AI 101: What are FLOPS in AI?

what are FLOPS in AI

Along with an LLM’s “size” in parameters, FLOPS are one of the more confusing terms batted around in AI circles. So: What are FLOPS in AI? In Machine Learning? In supercomputers?

Essentially, a FLOPS is a unit of measurement for raw performance of any computer, or chip, or datacenter, and in particular it is used as the raw metric by which the speed of supercomputers — or more commonly, supercomputing clusters — are ranked.

FLOPS Defined

FLOPS is a loose acronym that stands for FLoating-point OPerations per Second. A single floating-point operation is a mathematical computation between two numbers with long decimal values (thus the “floating point“), such as:

89.72134546 x 4.000121278 = ?

Astonishingly (and we have come to expect, even demand this), modern computers are capable of performing bazillions of these calculations — floating point operations per second of human time. I use “bazillion” as a stand-in term.

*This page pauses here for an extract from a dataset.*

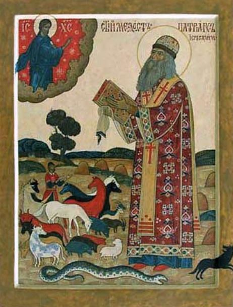 Modesto nasce a Sebaste in Cappadocia (Asia Minore) da una famiglia cristiana: la sua attività sarà intimamente legata agli avvenimenti che finiranno per turbare dolorosamente la Palestina agli inizi del VII secolo. Fin da giovane Modesto si sente attratto dalla vita monastica più rigorosa e così prende i voti monastici. Vive nel monastero fondato nel IV secolo da San Teodosio in Palestina. A quel tempo la Siria e la Palestina nel 614 vengono attaccate dall’esercito del re persiano Cosroe, che in alleanza con gli ebrei, distrugge numerose chiese cristiane e 94.000 cristiani vengono trucidati. A Gerusalemme il Patriarca Zaccaria e molti cristiani sono fatti prigionieri e come bottino di guerra viene trafugata anche la Croce del Signore.

But you get the point. Computer’s performance in FLOPS essentially is a rough measure of how much algorithmic horsepower any given system can deliver, per second. how much The numbers are actually so huge that they are well outside most of our vocabulary limits.

So, basically, we use FLOPS for performance measurement of the world’s fastest supercomputers, datacenters and large-scale compute clusters. This is also known in the industry as HPC, or “high performance computing.”

Technically, the performance metrics are expressed in terms very similar to phone storage and hard drive capacities: words like gigaFLOPS, teraFLOPS, and yottaFLOPS.

sample FLOPS prefixes and powers

Simply:

1 gigaFLOPS = a billion FLOPS = 1,000,000,000 FLOPS
[that reads as 10^9, or 10 with 9 zeros]
[ever heard of “three commas”? there you go]

1 petaFLOPS = a million gigaFLOPS = 1,000,000,000,000,000 FLOPS
[that reads as 10^15, or 10 with 15 zeros]

1 yottaFLOPS = 1,000,000,000,000,000,000,000,000 FLOPS
[that’s one billion petaFLOPS]
[that reads as 10^24, or 10 followed by 24 zeros]

🤯
[yes these numbers explode the human brain , and are essentially incomprehensible…they are basically, GINORMOUS BEYOND BELIEF]

For the curious:

What are FLOPS in AI? Prefixes & Exponents

prefix FLOPS example notes
gigaFLOPS 10^9 a billion FLOPS
teraFLOPS 10^12 a trillion FLOPS
petaFLOPS 10^15
exaFLOPS 10^18 Frontier — world’s fastest supercomputer 2023 Frontier runs at 1.2 exaFLOPS
zettaFLOPS 10^21
yottaFLOPS 10^24 100 yottaFLOPS is the AI compute limit where the federal government requires registration
brontoFLOPS 10^27
geoFLOPS 10^30 that’s a 1 followed by 30 zeros. That’s… universe-sized. every second.

How much electricity does a supercomputer use?

Now, we might wish to look at POWER CONSUMPTION of such supercomputing monsters. This has to do with a second calculation, which is essentially: how many FLOPs can we deliver for the power draw of a 60w lightbulb?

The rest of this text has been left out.